Omelia alle esequie di Luca Fantini

Chiesa di Serravalle, maggio 2014

Lam 3, 17-26

Sal 129

Gv 14, 1-6

Cari fratelli, care sorelle,

queste parole prese dal libro delle Lamentazioni sembrano scritte proprio per noi: «Il ricordo del mio vagare e della mia miseria è come assenzio e veleno. Ben se ne ricorda la mia anima» (Lam 3,19).

Sulla rupe di Pennabilli c’è una pianta di assenzio. Ho provato a stringerne tra le dita alcune foglioline; ho portato alla bocca le dita: l’assenzio è amarissimo!

«E’ scomparsa la mia gioia, la speranza che mi veniva dal Signore» (Lam 3,18).

Il dolore va rispettato. Non giovano le frasi fatte. Sono di troppo anche le parole. E dal dolore non si scappa. Hai due possibilità: vivere il dolore con Gesù o viverlo senza. La vita può essere interpretata come vagabondaggio o come pellegrinaggio. La differenza sta nella meta. Vagabondo è chi non ha meta, pellegrino chi ha meta. La scelta della famiglia di Luca di celebrare qui, nella chiesa parrocchiale, l’ultimo saluto è una conferma che abbiamo scelto di essere pellegrini: abbiamo una meta. Le parole di Gesù lo dicono esplicitamente: “Io vado a prepararvi un posto; quando sarò andato e vi avrò preparato un posto vi prenderò con me (Gv 14, 2-3).

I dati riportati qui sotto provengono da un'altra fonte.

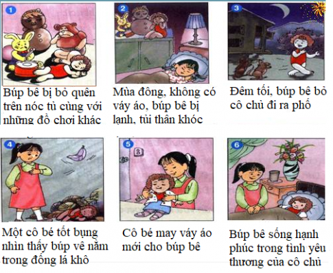 Thế rồi, ngay tối đó, cô bé hí húi cắt may cho búp bê một bộ váy áo rất đẹp. Rồi cô ôm cả búp bê đi ngủ

Negli anni del seminario – permettete questo ricordo – a ciascuno di noi studenti, veniva assegnato un posto: un posto in cappella, in refettorio, a scuola, in studio e persino nella fila. Gli educatori, di tanto in tanto, cambiavano il posto: era sempre un avvenimento con sorprese. L’unica eccezione era prevista per il sabato sera, quando nel teatro, si assisteva alla proiezione del film. Non c’erano posti assegnati. Erano liberi. Ricordo la gioia quando qualcuno dei compagni mi teneva il posto. Mi capitava di sentire: «E’ occupato per Turazzi!» (si usava chiamare col cognome). E’ ormai un lontano ricordo, ma mi serve per descrivere l’effetto che provo nel rileggere le parole rassicuranti di Gesù: Nella casa del Padre mio vi sono molti posti… vado a prepararvi un posto… Ce n’è uno che Gesù riserva anche per Luca: «Occupato per Luca»!

Una terribile disgrazia l’ha portato via lasciando tra noi un vuoto incolmabile. Anche al tempo di Gesù vi fu una disgrazia (cfr. Lc 13, 1-5): diciotto galilei furono coinvolti nel crollo di una torre a Siloe. Il fatto venne riferito a Gesù, con il tono della provocazione: di chi la colpa? Gesù smascherò la duplice insidia: il giudizio su quei diciotto, il giudizio su Dio che ha permesso la disgrazia. Né l’una né l’altra interpretazione era giusta secondo Gesù. «Credete che quei 18 fossero i più colpevoli di tutti gli abitanti di Gerusalemme? No…» e Gesù continuò con un forte invito alla conversione. Viene in mente un passaggio di un celebre romanzo: «Quando senti i rintocchi di una campana a morto, non chiederti per chi suona la campana. Suona per te!»

Preghiamo per Luca.

Preghiamo perché il mistero della sua morte non sia inutile.

Lo uniamo al sacrificio di Gesù morto ancora giovane sulla croce per la nostra redenzione. Lo facciamo nostro condividendo il dolore dei suoi cari e accettando di bere qualche goccia almeno di questo calice amaro. Lo sentiamo come appello che invita a considerare il grande valore della vita e la preziosità della giovinezza. Un appello rivolto specialmente ai giovani qui presenti.

«Questo intendo richiamare alla mia mente; e per questo voglio riprendere speranza. Le misericordie del Signore non sono finite, non è esaurita la nostra compassione, esse sono rinnovate ogni mattina» (Lam 3, 21-23).